WHAT YOU NEED TO DO: Please give back only the lines below from the one containing "기부자님이 사용한 기부포인트" to the one containing "在2024年中青年干部培训班结业仪式上的发言 2024-05-27 Word模板", each repeated word for word, both ends included.

PROVIDED RECORDS:
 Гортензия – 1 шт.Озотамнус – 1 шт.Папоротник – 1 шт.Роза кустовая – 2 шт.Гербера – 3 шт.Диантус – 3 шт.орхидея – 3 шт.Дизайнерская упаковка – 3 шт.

...

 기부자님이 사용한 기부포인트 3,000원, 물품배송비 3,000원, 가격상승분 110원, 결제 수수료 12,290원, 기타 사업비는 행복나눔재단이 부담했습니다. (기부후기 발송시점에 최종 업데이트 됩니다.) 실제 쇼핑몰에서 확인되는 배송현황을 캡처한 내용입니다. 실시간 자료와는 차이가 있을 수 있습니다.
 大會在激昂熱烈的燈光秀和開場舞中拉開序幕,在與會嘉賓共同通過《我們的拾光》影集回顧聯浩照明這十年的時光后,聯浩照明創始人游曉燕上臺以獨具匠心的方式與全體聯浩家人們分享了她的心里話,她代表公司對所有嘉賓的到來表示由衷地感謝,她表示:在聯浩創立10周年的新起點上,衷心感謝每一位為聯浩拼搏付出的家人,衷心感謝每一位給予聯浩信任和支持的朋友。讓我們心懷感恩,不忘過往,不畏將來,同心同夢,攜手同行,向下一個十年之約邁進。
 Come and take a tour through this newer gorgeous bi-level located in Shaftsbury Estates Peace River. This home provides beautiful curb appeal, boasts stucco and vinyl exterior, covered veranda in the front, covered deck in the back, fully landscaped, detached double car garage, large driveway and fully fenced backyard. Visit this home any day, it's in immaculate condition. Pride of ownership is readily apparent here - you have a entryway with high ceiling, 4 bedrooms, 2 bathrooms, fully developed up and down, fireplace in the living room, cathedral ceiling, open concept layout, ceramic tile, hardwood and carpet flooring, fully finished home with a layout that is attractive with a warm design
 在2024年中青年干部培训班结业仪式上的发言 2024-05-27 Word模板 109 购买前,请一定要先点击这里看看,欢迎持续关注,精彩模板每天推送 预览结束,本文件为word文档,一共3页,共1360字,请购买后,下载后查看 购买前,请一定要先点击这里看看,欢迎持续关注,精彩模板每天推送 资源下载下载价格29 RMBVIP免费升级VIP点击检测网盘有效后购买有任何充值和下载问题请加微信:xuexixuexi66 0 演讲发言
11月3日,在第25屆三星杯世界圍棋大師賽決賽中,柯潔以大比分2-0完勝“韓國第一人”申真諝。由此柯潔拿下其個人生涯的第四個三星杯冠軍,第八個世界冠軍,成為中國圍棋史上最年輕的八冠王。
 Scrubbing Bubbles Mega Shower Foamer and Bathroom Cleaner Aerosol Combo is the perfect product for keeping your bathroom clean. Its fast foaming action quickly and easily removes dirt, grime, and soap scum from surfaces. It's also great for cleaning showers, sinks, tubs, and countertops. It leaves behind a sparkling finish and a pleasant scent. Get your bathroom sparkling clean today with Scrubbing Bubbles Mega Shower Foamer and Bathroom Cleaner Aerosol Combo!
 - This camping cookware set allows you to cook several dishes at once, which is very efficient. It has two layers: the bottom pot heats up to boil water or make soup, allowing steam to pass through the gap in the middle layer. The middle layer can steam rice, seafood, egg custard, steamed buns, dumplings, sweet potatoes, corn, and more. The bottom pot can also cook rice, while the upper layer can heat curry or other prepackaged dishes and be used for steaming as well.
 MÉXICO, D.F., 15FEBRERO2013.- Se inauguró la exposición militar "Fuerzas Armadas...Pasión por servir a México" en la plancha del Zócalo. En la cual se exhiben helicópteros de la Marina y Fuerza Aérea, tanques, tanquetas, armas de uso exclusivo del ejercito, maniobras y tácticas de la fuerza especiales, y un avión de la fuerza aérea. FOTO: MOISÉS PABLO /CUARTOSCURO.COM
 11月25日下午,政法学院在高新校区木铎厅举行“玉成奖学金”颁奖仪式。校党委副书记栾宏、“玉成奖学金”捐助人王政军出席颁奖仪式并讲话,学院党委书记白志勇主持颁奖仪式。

RESPONSE TO THIS EXERCISE:
 기부자님이 사용한 기부포인트 3,000원, 물품배송비 3,000원, 가격상승분 110원, 결제 수수료 12,290원, 기타 사업비는 행복나눔재단이 부담했습니다. (기부후기 발송시점에 최종 업데이트 됩니다.) 실제 쇼핑몰에서 확인되는 배송현황을 캡처한 내용입니다. 실시간 자료와는 차이가 있을 수 있습니다.
 大會在激昂熱烈的燈光秀和開場舞中拉開序幕,在與會嘉賓共同通過《我們的拾光》影集回顧聯浩照明這十年的時光后,聯浩照明創始人游曉燕上臺以獨具匠心的方式與全體聯浩家人們分享了她的心里話,她代表公司對所有嘉賓的到來表示由衷地感謝,她表示:在聯浩創立10周年的新起點上,衷心感謝每一位為聯浩拼搏付出的家人,衷心感謝每一位給予聯浩信任和支持的朋友。讓我們心懷感恩,不忘過往,不畏將來,同心同夢,攜手同行,向下一個十年之約邁進。
 Come and take a tour through this newer gorgeous bi-level located in Shaftsbury Estates Peace River. This home provides beautiful curb appeal, boasts stucco and vinyl exterior, covered veranda in the front, covered deck in the back, fully landscaped, detached double car garage, large driveway and fully fenced backyard. Visit this home any day, it's in immaculate condition. Pride of ownership is readily apparent here - you have a entryway with high ceiling, 4 bedrooms, 2 bathrooms, fully developed up and down, fireplace in the living room, cathedral ceiling, open concept layout, ceramic tile, hardwood and carpet flooring, fully finished home with a layout that is attractive with a warm design
 在2024年中青年干部培训班结业仪式上的发言 2024-05-27 Word模板 109 购买前,请一定要先点击这里看看,欢迎持续关注,精彩模板每天推送 预览结束,本文件为word文档,一共3页,共1360字,请购买后,下载后查看 购买前,请一定要先点击这里看看,欢迎持续关注,精彩模板每天推送 资源下载下载价格29 RMBVIP免费升级VIP点击检测网盘有效后购买有任何充值和下载问题请加微信:xuexixuexi66 0 演讲发言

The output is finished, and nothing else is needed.